Listed entries:
------------------------------------------------------------------------

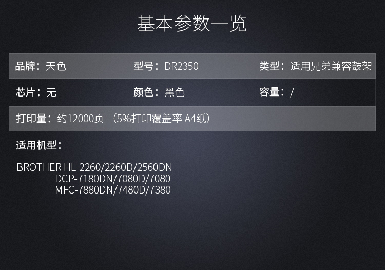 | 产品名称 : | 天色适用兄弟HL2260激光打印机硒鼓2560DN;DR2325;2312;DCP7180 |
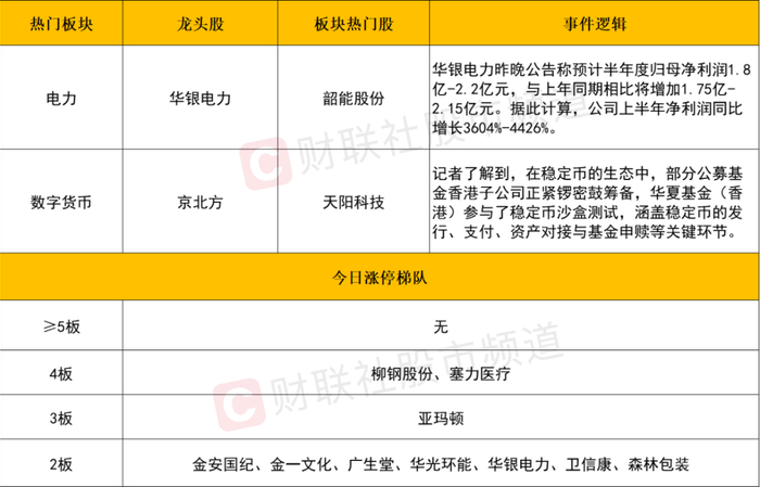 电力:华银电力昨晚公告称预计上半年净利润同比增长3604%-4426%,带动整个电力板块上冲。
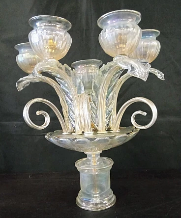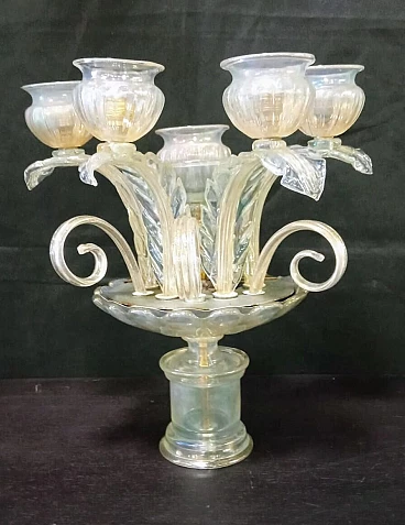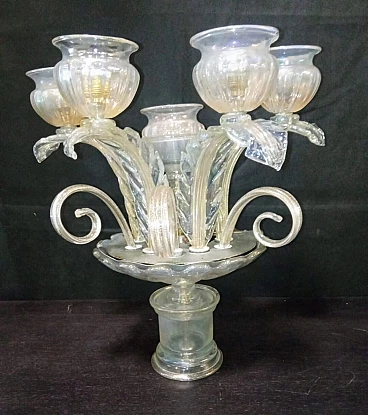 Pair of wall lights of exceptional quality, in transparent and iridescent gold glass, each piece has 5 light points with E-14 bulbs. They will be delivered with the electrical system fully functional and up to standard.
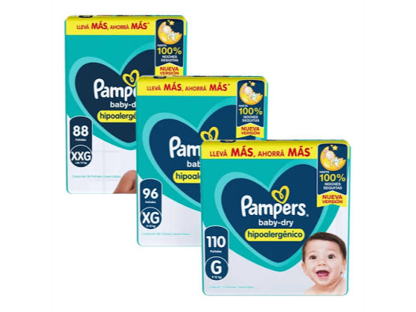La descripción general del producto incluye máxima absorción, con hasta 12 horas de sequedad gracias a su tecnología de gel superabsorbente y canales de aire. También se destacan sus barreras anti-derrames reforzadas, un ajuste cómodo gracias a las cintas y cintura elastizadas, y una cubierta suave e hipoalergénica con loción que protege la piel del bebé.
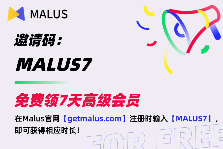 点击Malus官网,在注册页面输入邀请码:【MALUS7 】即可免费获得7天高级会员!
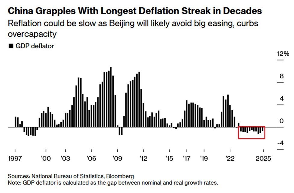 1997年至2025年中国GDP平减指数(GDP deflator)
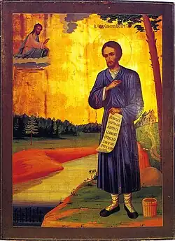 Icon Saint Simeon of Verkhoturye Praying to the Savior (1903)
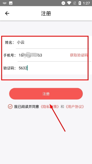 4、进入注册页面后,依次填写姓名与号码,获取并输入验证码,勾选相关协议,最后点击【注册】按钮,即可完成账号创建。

------------------------------------------------------------------------

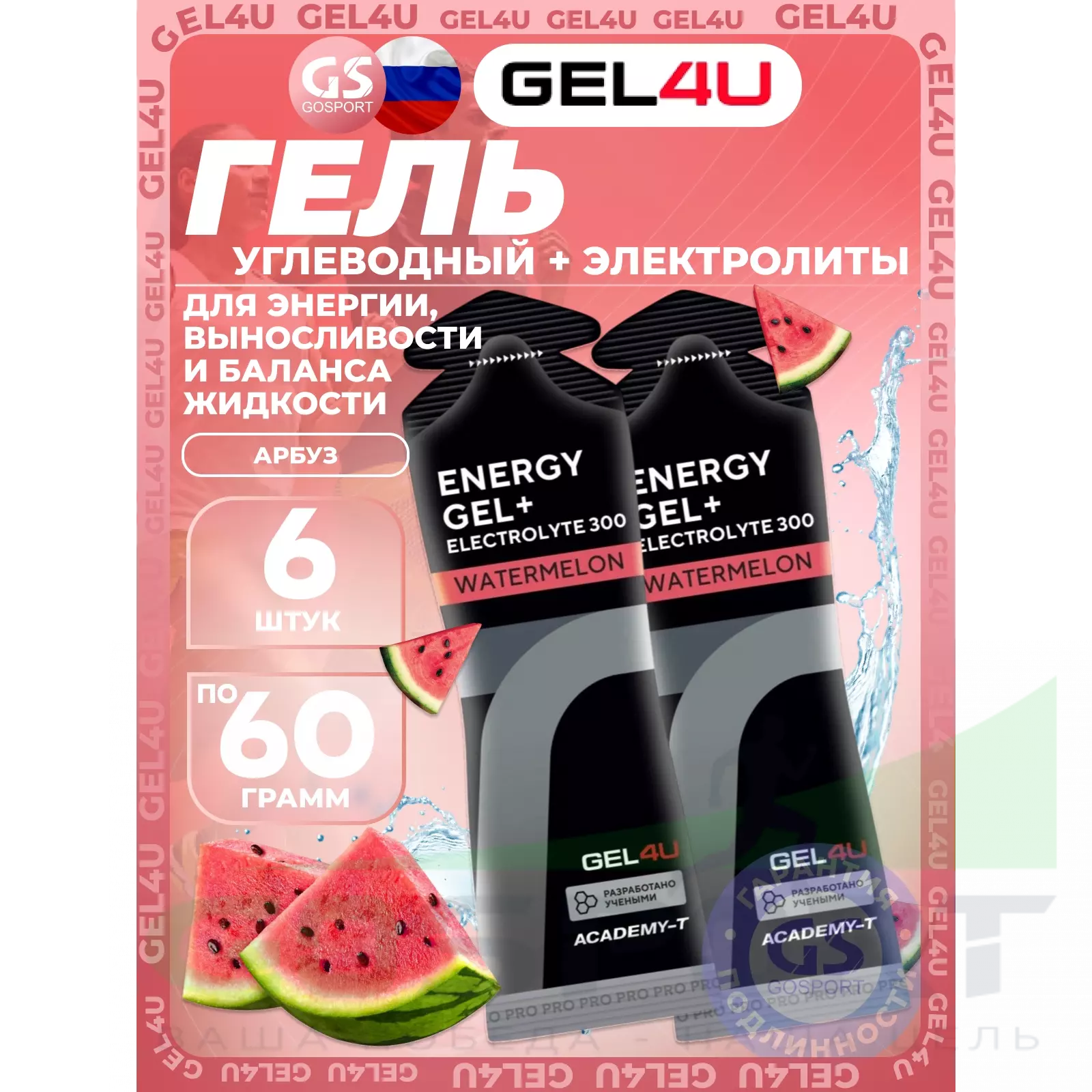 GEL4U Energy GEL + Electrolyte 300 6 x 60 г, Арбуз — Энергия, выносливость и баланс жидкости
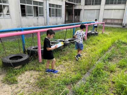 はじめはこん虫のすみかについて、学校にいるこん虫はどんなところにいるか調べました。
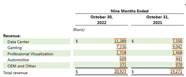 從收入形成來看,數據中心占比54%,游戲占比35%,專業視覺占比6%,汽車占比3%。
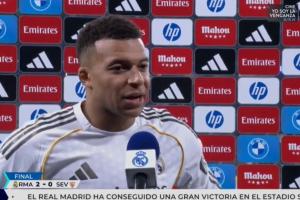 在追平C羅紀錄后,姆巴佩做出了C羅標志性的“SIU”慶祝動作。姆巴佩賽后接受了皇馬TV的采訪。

------------------------------------------------------------------------

Return only the part above that opens with the line containing "從收入形成來看,數據中心占比" and closes with the line containing "在追平C羅紀錄后,姆巴佩做出", exactly and with both ends, skipping the pictures.

Result for this exercise:
 從收入形成來看,數據中心占比54%,游戲占比35%,專業視覺占比6%,汽車占比3%。
 在追平C羅紀錄后,姆巴佩做出了C羅標志性的“SIU”慶祝動作。姆巴佩賽后接受了皇馬TV的采訪。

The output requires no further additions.